Prop. 209 would limit Arizona medical debt collection; critics say it’s too broad
Rodd McLeod said he is not trying to give anyone a free pass from their debts – he just wants to give vulnerable debtors some breathing room to help them stay in their homes and out of poverty.
That’s why he is backing Proposition 209, a ballot measure that would increase protections for Arizona residents who face potential wage or asset seizures because of outstanding debt.
“Our bill doesn’t forgive anyone’s debt,” said McLeod, spokesman for Healthcare Rising Arizona. “People still will have to pay back the money that they owe, but it does give families protections, so when they’re struggling with debt, they’re still able to maintain a home, job and earn a living so they can pay their debts.”
But critics say the proposal, while well-intentioned, will backfire, rewarding people who don’t pay their bills and punishing people who do, by making it less likely for everyone to get loans when they need them.
“The long-term implications of this is it’s going to make everything more expensive,” said Arizona Free Enterprise Club President Scot Mussi. “It will create inflation on goods, and it will create inflation on the cost of credit and the accessibility of credit.”
Tucson Metro Chamber President and CEO Michael Guymon was more direct.
“This proposition is extremely bad for the state, extremely bad for business and, quite frankly, it would be bad for low-income earners for their ability to ultimately get a loan,” Guymon said.
Proposition 209 would enact the Predatory Debt Collection Protection Act. It targets medical debt but could affect all debt. If approved by voters, it would lower the interest that creditors can levy on medical debt from the current 10% to 3%.
The measure would also raise the value of homes, cars and bank accounts that are protected from debt collectors, while lowering the amount of a person’s disposable income that can be garnished to settle a debt, from the current 25% to 10%.
Overdue medical bills are the most common reason for calls from debt collectors, according to a 2022 Consumer Finance Protection Bureau medical debt report. Medical bills “just get out of control,” said McLeod, adding that they are responsible for two-thirds of personal bankruptcies.
“Look, we believe that no one should lose their home or their vehicle because of an unpaid medical bill,” McLeod said.
His organization and others, including the Southern California-based union United Healthcare Workers West, gathered more than 522,000 signatures over the past 18 months and submitted roughly 470,000 in July to put the measure on the Arizona ballot this fall.
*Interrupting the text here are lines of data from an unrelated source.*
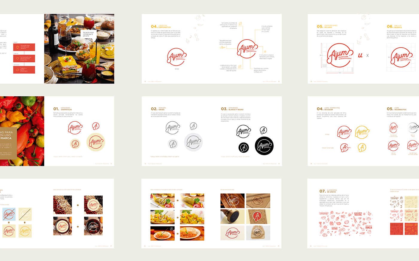 這個Ajum品牌VI形象設計的主要目的是為餐飲品牌創造一個好的視覺形象,以體現品牌的差異優勢,構建差異化認知,增強消費者的印象。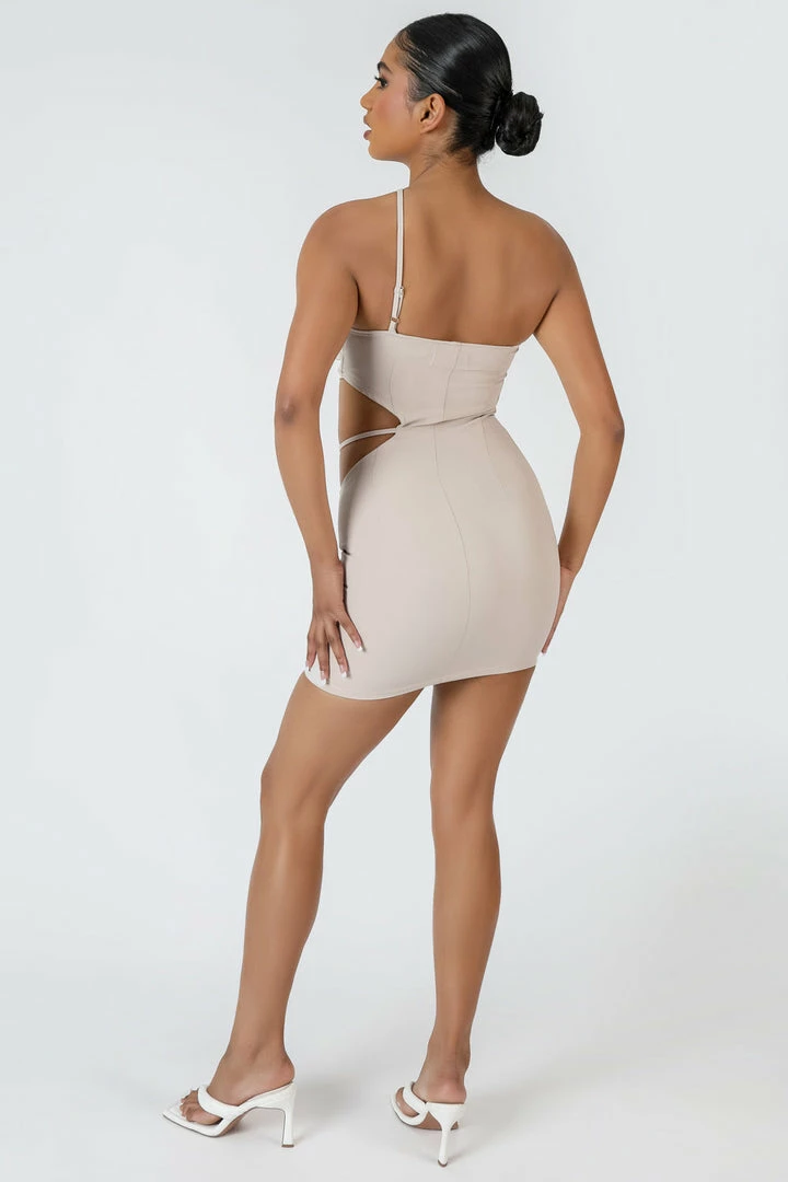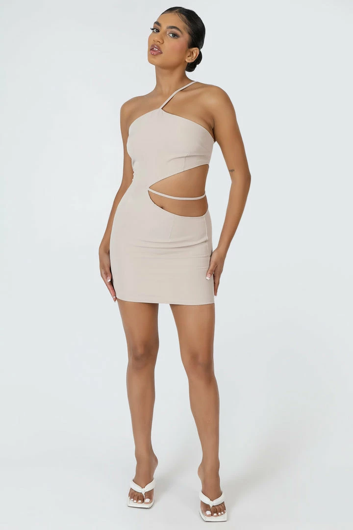 Update your Autumn wardrobe with this asymmetric mini dress with a cutout waist detail in stone.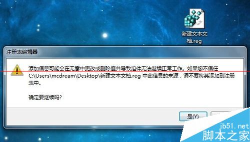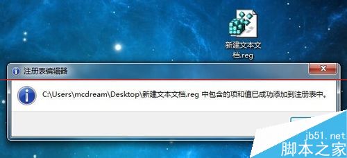 5、双击导入该注册表文件,导入成功后会有提示信息,如图所示: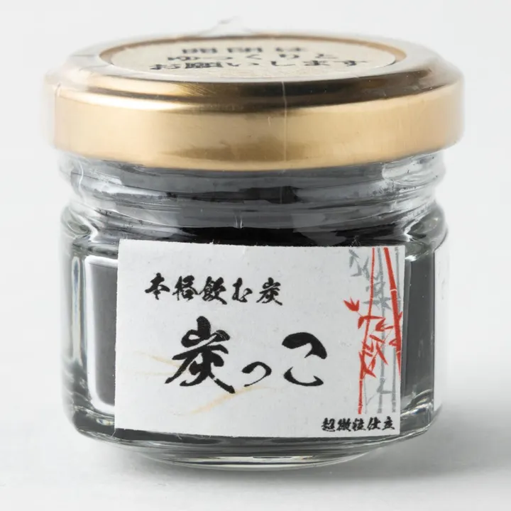 【 飲む竹炭「超微粉炭っこ」とは 】 *なぜ炭を食べる?飲む? 現代人の体は、不規則な食生活や日常のストレスによって酸化しやすい体質になっています。まずは、体内の有害物質を排除・除去することが大切で、それをせずにいくら良いサプリを摂取して体調を整えようとしても効果は期待出来ません。炭を体内に取り入れる事で活性酸素を吸着してくれる働きがあり、不足しがちなミネラルも豊富に摂取出来るので、疲れた体をリセットし、心身ともに健康に向かうことが出来ます。医療現場でも有毒治療などの吸着に活性炭治療が行われています。 *炭なら何でもよいのか? 答えはNo、樹木も同じ人間と同じ生き物ですから、大気や土壌汚染によりあらゆる物質を樹木内に溜め込んでいます。良い炭を生産するには、原料の選定はもちろん燃焼温度や燃焼時間が重要になってきます。弊社では原料となる竹も、自生している土壌環境を見定め、栽培・伐採から炭化・粉砕まで自社製造の100%国内生産しています。特殊なコンピューター制御された炭化路で炭化した炭は、不純物がなく炭素率96%という高純度の炭。残り4%はミネラルと酸素。ヒ素、鉛、カドウミウム、水銀などの検査も基準値を合格しております。粉炭の性質はアルカリ性のため、体内に取り入れることで酸性に傾いた酸化体質を中和してくれる働きがあります。 【 飲む竹炭「超微粉炭っこ」飲むメリット 】 ⚫︎ミネラル補給! 竹炭はミネラルの宝庫 不足がちなミネラル補給で天然のサプリ ・暴飲暴食気味な方へ ・健康美に興味のある方 ・お酒が好きな方 ⚫︎体内の有害物質排出! 驚くべき吸収力!排出力効果! 吸収力は木炭の3倍以上! ・健康に長生きしたい方 ・お肌のあれが気になる方 ・体内に溜まったものを出したい方 ⚫︎体の動きを活性化 有害物資を排出し、体内循環を改善することで、 体の動きを活性化していきます! ・腸活に興味がある方 ・便秘気味の方 【 飲む竹炭「超微粉炭っこ」の特徴 】 ◎高純度竹炭100% 炭っこの構成成分は96%が炭素で、残りはミネラルのみ。 不純物を一切排除した純度により、安心して体内に 取り入れることが出来ます。 ◎徹底した製造工程 通常の炭は土釜で焼きますが、弊社の炭は特殊な炭化路を 使用しています。燃焼温度・燃焼時間を完全コンピューター 制御し、燃焼ムラも最小限に仕上げることが出来ます。 皆さまの体内に入れる物質ですので不純物を取り除く ために研究開発を徹底的に行い、一貫した自社製造に よって品質管理をしています。 【 飲む竹炭「超微粉炭っこ」の飲み方・食べ方 】 付属のスプーン1杯を目安に ・水(200〜500ml)に混ぜて飲む ・コーヒーに混ぜて飲む ・アルコールに混ぜて飲む ・スープ、お味噌汁に混ぜて飲む ・ヨーグルトにかけて食べる ・様々なおかずに混ぜて食べる ・商品名 : 超微粉炭っこ ・名称 : 竹炭 ・原材料 : 国産竹 ・内容量 : 8g ・保存方法: 直射日光、高温多湿を避け、冷暗所 ・製造者 : 大輝有限会社 ・賞味期限: 瓶裏面に記載(製造から1年半) 【 栄養成分表示 】100gあたり・推定値 ・エネルギー 334kcl ・炭水化物 81.1g ・タンパク質 1.9g ・脂質 0.2g ・食塩相当量 0.023g ■ JANコード 4571559560803

McLeod said the proposition’s supporters “don’t think Arizona is terribly divided on this question” and are “cautiously optimistic” the measure will pass.
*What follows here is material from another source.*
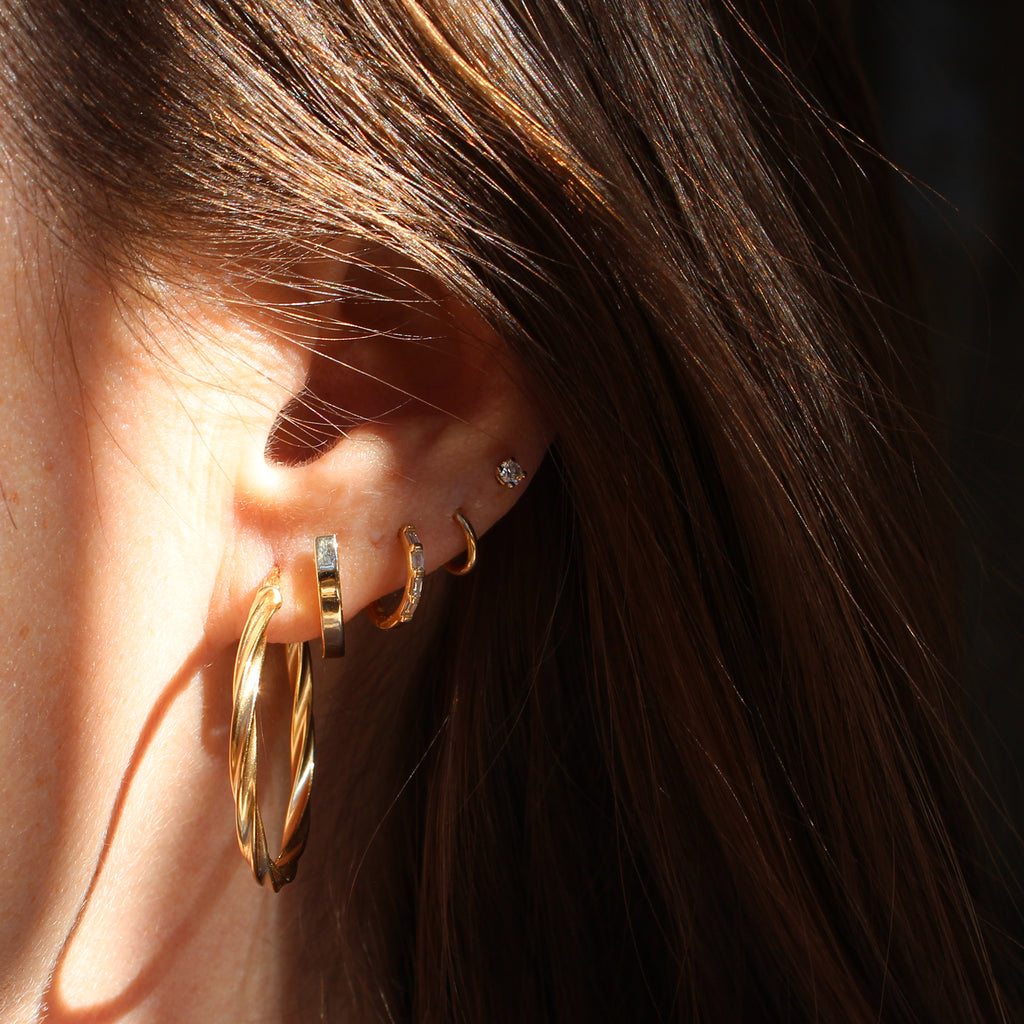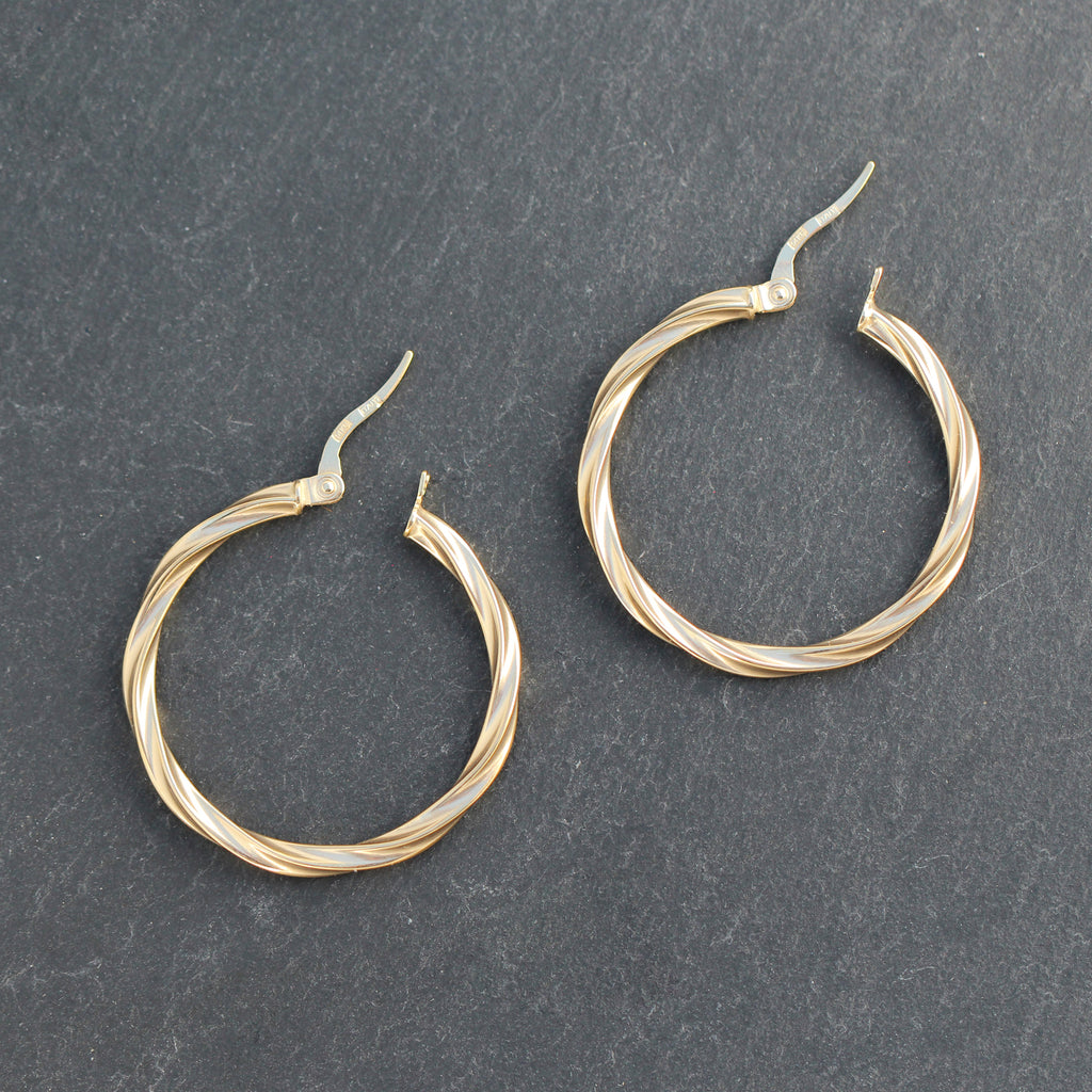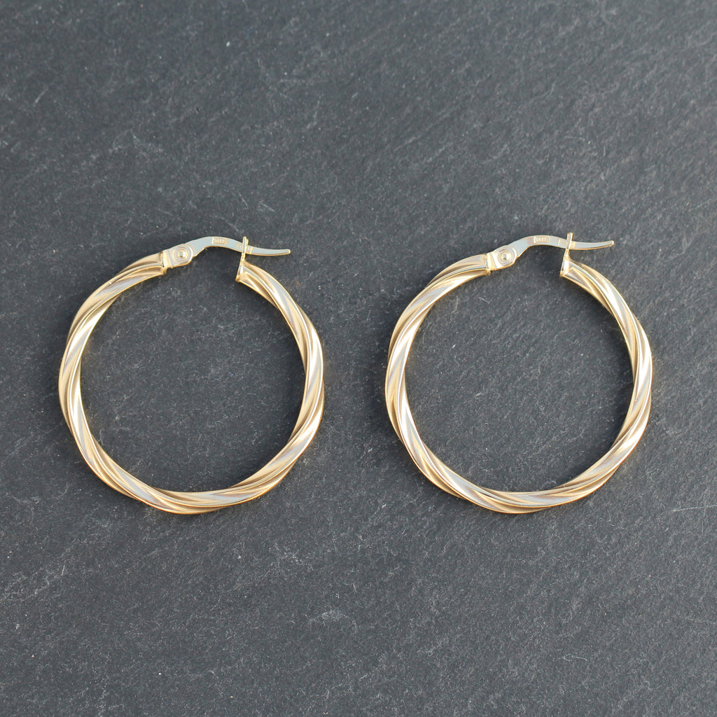 These 14k yellow gold hoop earrings feature a twisted diamond cut detail and are a classic look and the perfect gift for anyone who loves hoop earrings that make a statement!

But Guymon calls the measure “completely misleading,” saying that most people are not aware that it will apply to all debt collection, not just medical debt. He said opponents think the problem would be better solved through the Legislature.
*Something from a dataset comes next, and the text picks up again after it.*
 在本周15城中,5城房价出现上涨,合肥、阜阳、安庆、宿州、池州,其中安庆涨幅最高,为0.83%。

Besides the Tucson Chamber, opponents include the Arizona Free Enterprise Club, the Arizona Chamber of Commerce and Industry, the Arizona Bankers Association, the Phoenix Chamber of Commerce and the Goldwater Institute.
Guymon acknowledged “that predatory debt is real, that there are companies that prey on, you know, individuals and put them into situations that it’s very hard for them to climb out of, but this proposition is not the way to tackle that.”
Will Humble, president of Arizona Public Health Association, said the proposition will help keep people in their homes and let them keep the cars they need to work, even if it does not reduce the long-term level of predatory lending.
Lending will “still going to be just as predatory as it is today,” he said. “But it will help on the medical debt.”
He said the restrictions on overall debt collection in the proposition would merely bring Arizona in line with most other states. One of the most important parts of the effort, he said, is the limit on “how much the wages can be garnished so that it stops before people go into poverty, and lets them keep more disposable income.”
Despite the concerns of business groups, Ralph Atchue, president of the Democrats of Casa Grande, said he has not heard any opposition to the proposition.
“Anything that protects working families, low-income families, I am 100% for it, as most Democrats are,” Atchue said. “It is among our core values, and what we always support and will continue to support.”
McLeod is hopeful, noting that opponents “spent a lot of money to try to keep us off the ballot,” but that it has since waned.
“Yeah, they’re not spending money on television ads against us.” he said. “And that tells me that they think it’s going to pass, too.”